Landlords: Check energy performance now, warns CAAV

Kate Russell

Landlords letting out residential or commercial properties in England and Wales must ensure that they meet new energy efficiency standards from 1 April.

According to Kate Russell, policy and technical adviser at the Central Association of Agricultural Valuers (CAAV), it will be illegal to let out a property if its Energy Performance Certificate (EPC) band is F or G.

“However, the rules are quite complicated, so it’s worth seeking professional advice to check whether and when you need to comply.”

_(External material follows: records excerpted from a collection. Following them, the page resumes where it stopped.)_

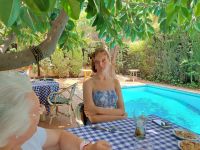 Ha habilitado una zona del chalet que ocupa que tenía “muerta”, detrás, a los pies de la piscina y bajo las ramas y profunda sombra de un gran ficus, en la que no se puede estar más a gustito.
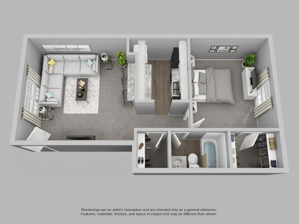 1 Bed 1 Bath - Floorplan 1 1 Bed 1 Bath with Washer/Dryer
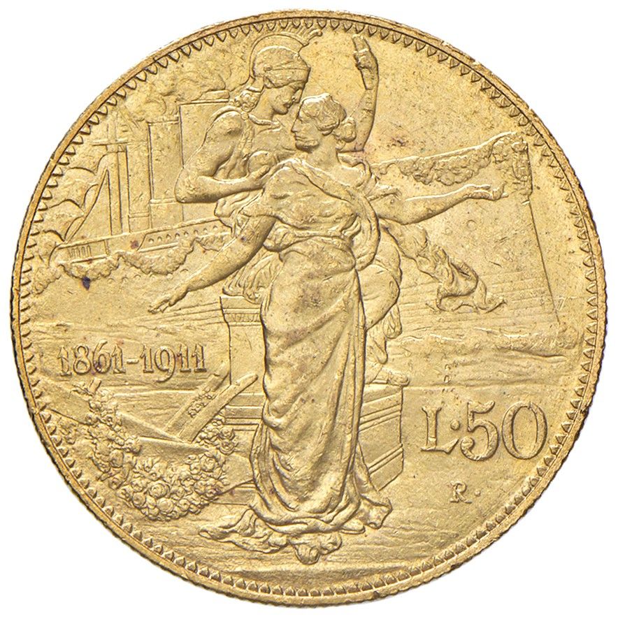 50 lire 1911, Cinquantenario Unità d'Italia. Pagani 656. Montenegro 34. ORO, gr. 16,10 c. SPL
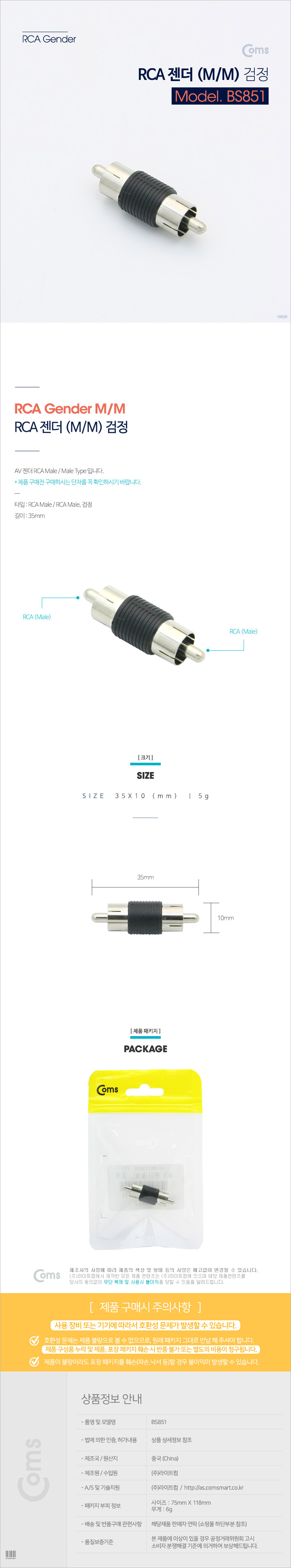 [Coms] 컴스 RCA 젠더 M/M BS851 (35x10mm/블랙)
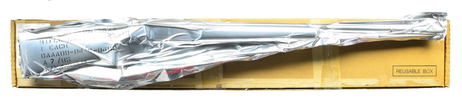 Cal. 22LR. S# A1066253. Bbl. 27". Mfg. 1984-1986. These Remington rifles were manufactured for the US Military for marksmanship training and later sold to the public through the Civilian Marksmanship Training Program. This rifle is exactly as shipped from CMP, still vacuum sealed in the foil package, as well as the bolt & sights, sealed in their own silver vacuum packaging. UNATTACHED ACCESSORIES: Original cardboard box as shipped from CMP to original purchaser. Sights & bolt, also vacuum sealed in separate packaging. CONDITION: Presumed new. Unable to verify condition due to its being vacuum sealed in foil packaging as shipped from CMP. Date of packaging July, 1985. (23-487/JZ). MODERN. $1,000-1,500.
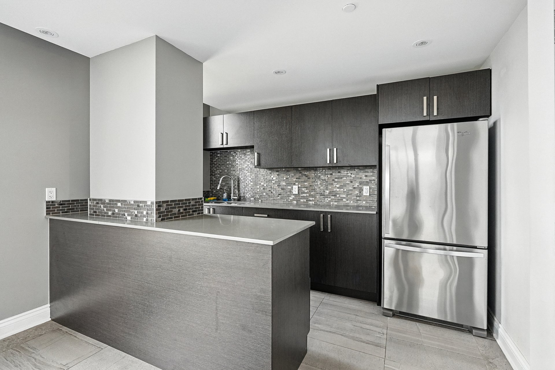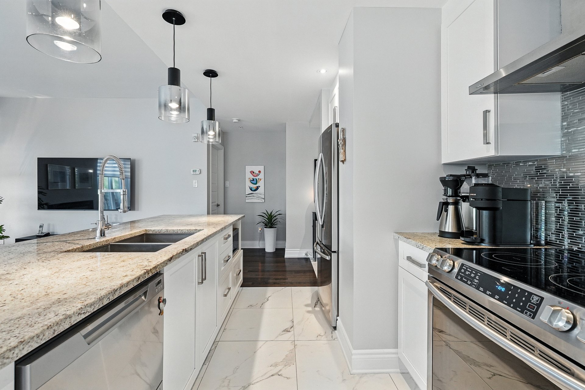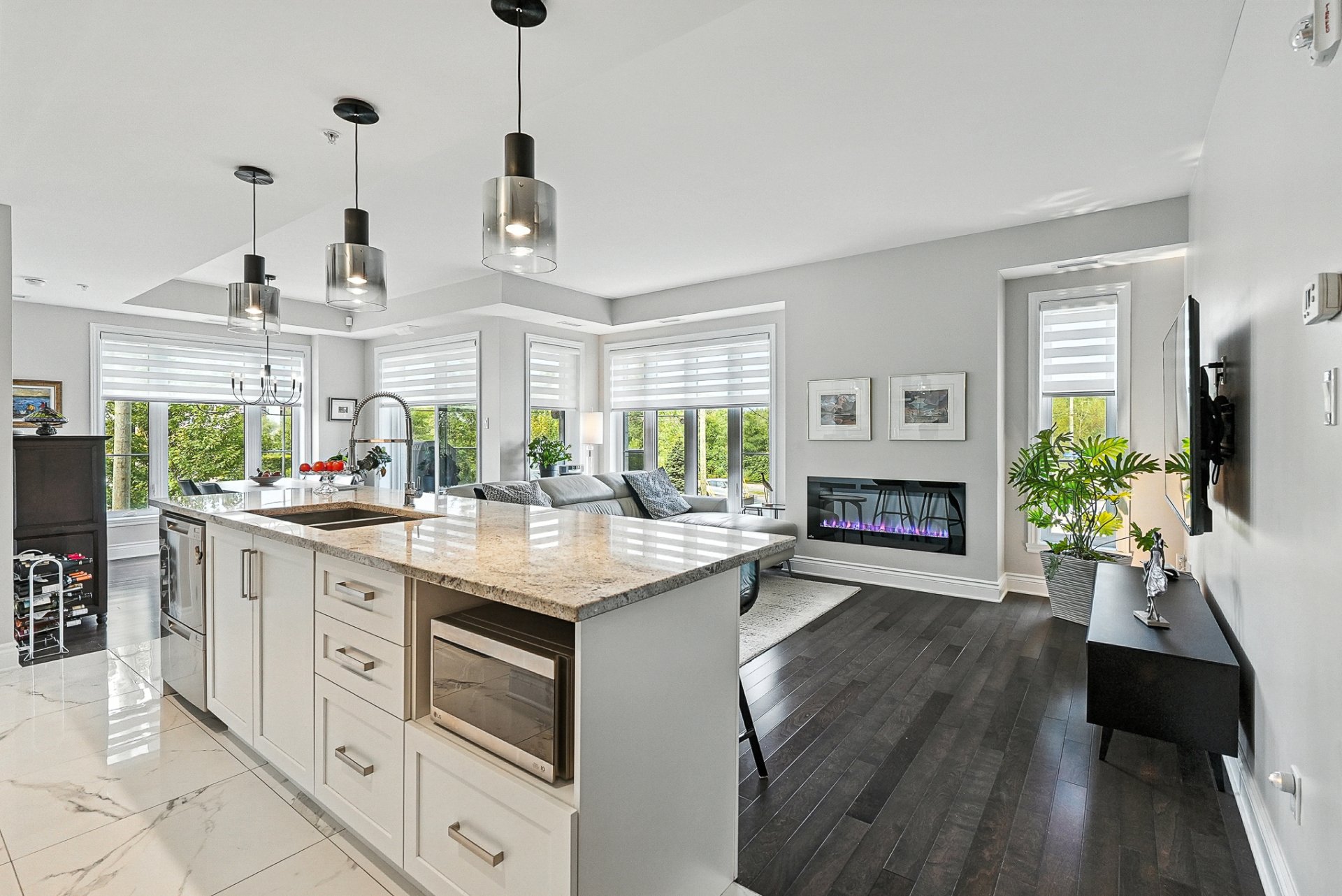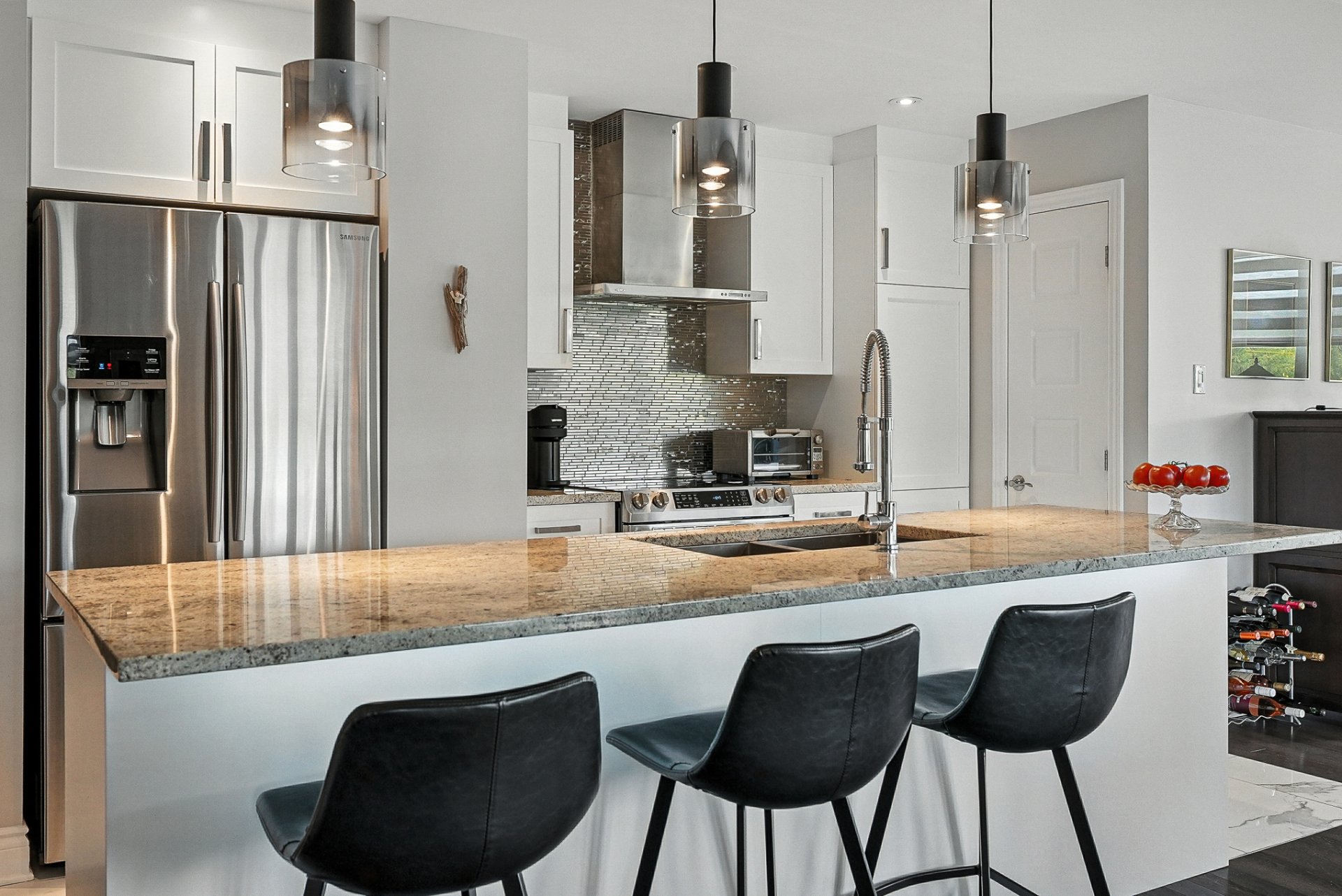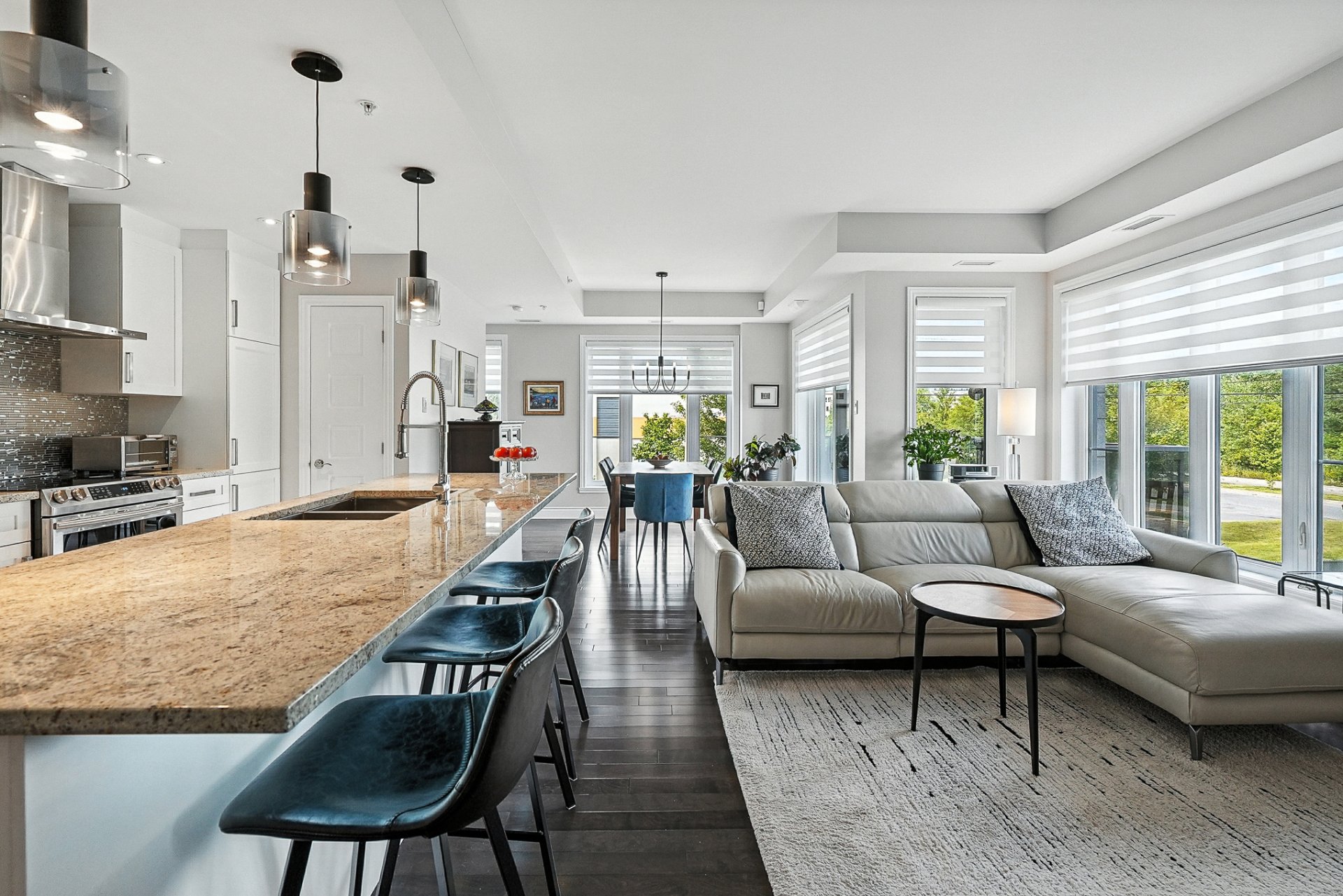 - Une cuisine moderne et élégante avec un vaste îlot central surmonté de comptoirs en granit et de nombreux rangements
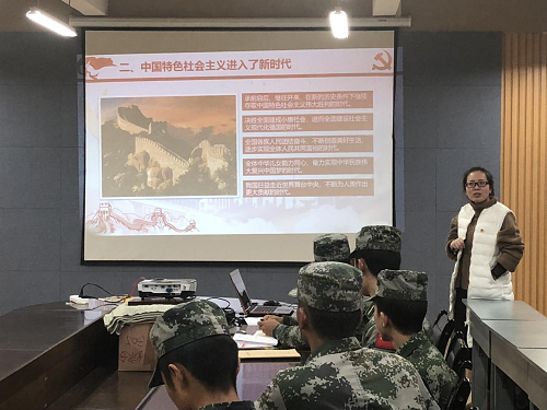 团委负责人晁洁老师为国防生团支部党在交通楼B403开以“十九大 新时代 新征程 新目标”为主题的团课。首先,团委负责人晁洁老师介绍了十九大的会议主题“不忘初心,牢记使命,高举中国特色社会主义伟大旗帜,决胜全面建成小康社会,夺取新时代中国特色社会主义伟大胜利,为实现中华民族伟大复兴中国梦不懈奋斗。”????
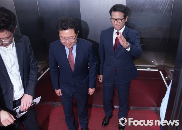 (서울=포커스뉴스) 전당대회 대표최고위원 출마를 선언한 정병국(오른쪽), 김용태 새누리당 의원이 29일 오후 서울 여의도 당사에서 단일화 발표 기자회견을 마친 뒤 승강기에 올라 이동하고 있다. 이날 두 의원은 여론조사를 통해 정병국 의원으로 단일화를 결정했다.
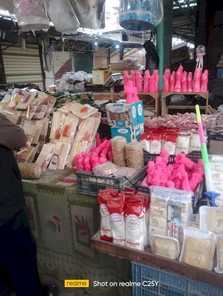 تم تحرير محضر عرض للبيع عدد 25 كجم حلوى عرائس المولد حمراء اللون غير صالحة للاستهلاك الآدمي في فرش حلويات محضر رقم 4143 لسنة 2025 جنح مطوبس
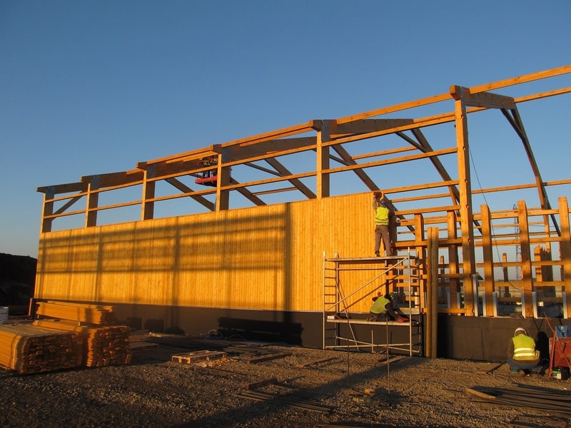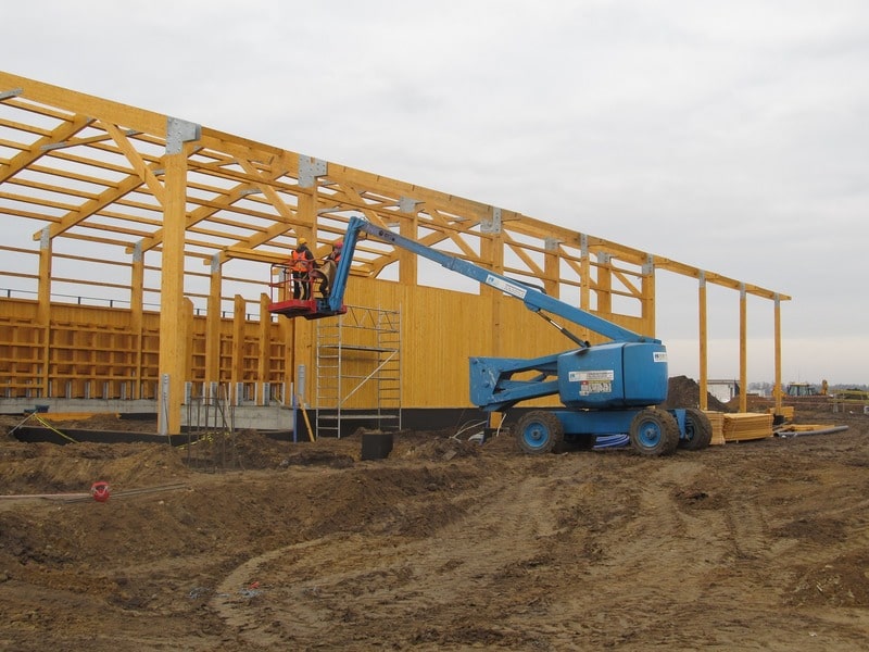 – Konstrukcja magazynu wykonana z drewna klejonego oraz konstrukcyjnego z zewnętrznym poszyciem z deski impregnowanej – boazerii.

At the moment the new rules apply to new tenancies and renewals or extensions of existing tenancies, but from 1 April 2020 they will also apply to existing domestic tenancies – and from 1 April 2023, to existing non-domestic tenancies.

There are potential traps for the unwary, according to Ms Russell. “The rules on renewals and extensions of leases are not straightforward. For example, landlords of residential property should be aware that when the initial fixed term of an Assured Shorthold Tenancy ends and it becomes a periodic tenancy, the new rules will then apply,” she explains. “Anyone who owns a let property with an EPC of band F or G should take advice on how the new rules might affect them.”

One key question is whether the rules apply to listed buildings or those in conservation areas. “Government officials still cannot give us a yes or no answer to that, so landlords will have to decide on the appropriate action,” says Ms Russell.

Where a let property is in band F or G, landlords may be able to apply for an exemption to allow the letting to go ahead. “Exemptions must be registered on the official register before the start of the tenancy and most only last for five years.”

Grounds for exemption include where a landlord has done everything possible to upgrade the energy efficiency, but the EPC band is still F or G. For domestic dwellings, the Government is proposing a cap so that landlords must contribute up to £2,500 per property, including grants, towards the energy efficiency improvements. For non-domestic property the landlord’s contribution is set at a level which can be paid back in seven years through the energy savings.

Other grounds for exemption include where the tenant or a necessary third party refuses consent – which could be the listed building officer, says Ms Russell. “There are also a number of temporary exemptions to cover the purchase of property which is already subject to a lease, for example.”

The local authority is responsible for enforcing the new regulations, and can fine landlords £2,000 per domestic property and £5,000 for non-domestic property, she adds. “It’s therefore worthwhile checking all of the details to check whether you need to – and do – comply.”